Nous entrons dans l'auberge et nous nous retrouvons ensuite au premier étage devant une réception vide. Sur la grande terrasse adjacente, nous sommes alors abordés dans notre langue familière. Un touriste allemand plus âgé est assis là avec un livre et nous dit que le propriétaire de l'auberge fait sûrement sa sieste. Nous nous asseyons donc un moment avec un thé sur la terrasse, mais décidons ensuite d’aller faire un peu de promenade. Il fait en effet vraiment beau. Et presque chaud comme en été.

Ce qui vient peut-être du fait que Jéricho est située à 250 mètres sous le niveau de la mer, la ville la plus basse du monde, comme nous le lisons. Cela permet d'avoir un climat toujours doux. De plus, nous remarquons à quel point cette ville est verdoyante. Nous ne sommes vraiment plus habitués à cela à Amman. Partout des palmiers, des arbres, des champs de chou et d’aubergines, et en général de nombreuses espaces verts. Les oiseaux chantent dans les arbres, dans les rues, il y a beaucoup de vélos et de vélos électriques. À part quelques montagnes de débris et de déchets, l’attention que nous recevons et les cris qui nous poursuivent, tout est vraiment très idyllique ici. Une vraie sensation de vacances, comme le souligne parfaitement Lea.
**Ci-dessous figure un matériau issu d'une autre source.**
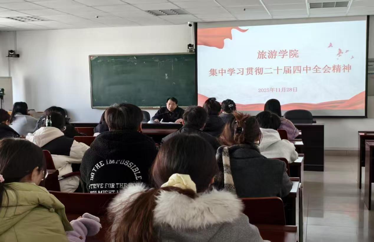在宣讲报告中,雷前龙对全院师生提出三点要求:一是要坚持理论武装,把学习贯彻党的二十届四中全会精神与精神谱系学习结合起来,做到学思用贯通、知信行统一;二是要强化责任担当,师生党员要发挥先锋模范作用,在专业学习、科研创新、社会实践中勇挑重担,以实际行动传承红色基因;三是要注重成果转化,将学习成效转化为推动学院高质量发展的具体举措,培养更多具有家国情怀、专业素养、创新能力的复合型旅游人才,为文旅产业发展贡献智慧力量。

Cependant, nous ne flânons pas complètement au hasard dans les rues et les champs. Nous nous sommes informés au préalable que le Palais de Hisham se trouve dans les environs, une ancienne résidence omeyyade encore en ruines. C'est ici que le calife Hisham aurait résidé au 8ème siècle après J.-C. avant que le palais ne soit détruit par un tremblement de terre. Le point fort des ruines est le grand complexe des bains, qui possède un immense sol en mosaïque encore presque parfaitement préservé. Lorsque nous arrivons là-bas, nous découvrons cependant que ce complexe de bains est en rénovation (une énorme coupole doit y être construite), si bien que la mosaïque n'est pas visible pour l'instant. Dommage. Nous examinons néanmoins les autres ruines qui se présentent à nous sous le soleil du soir, et au petit musée sur le site, nous pouvons voir par animation à quoi le complexe des bains ressemblera après sa rénovation.

Le membre du personnel de sécurité nous accompagne un moment dans le musée et nous invite à prendre un thé dans la billetterie. Nous sommes donc restés un bref moment à discuter avec lui et l'autre membre du personnel, qui ferme maintenant le site et nous emmène avec sa voiture en ville. Pour cela, nous lui en sommes vraiment reconnaissants - nous n'avions même pas remarqué que nous avions tant marché.

Nous revenons dîner avec du houmous et des sandwichs dans un restaurant, puis nous faisons le chemin de retour vers l'auberge, où nous rencontrons Waleed sur la terrasse. Il a déjà entendu parler de nous par l'autre client allemand et nous dit qu'il a déjà amené nos bagages dans notre dortoir. Il nous explique également quelles visites il propose ici pour ses clients avec sa voiture. Il y a encore beaucoup à voir à Jéricho. Cependant, nous déciderons plutôt spontanément demain de ce que nous allons faire, et nous avons besoin d'abord d'un peu de repos. Le dortoir est rien que pour nous, et nous nous blottissons confortablement avec nos bouteilles d'eau chaude dans nos lits.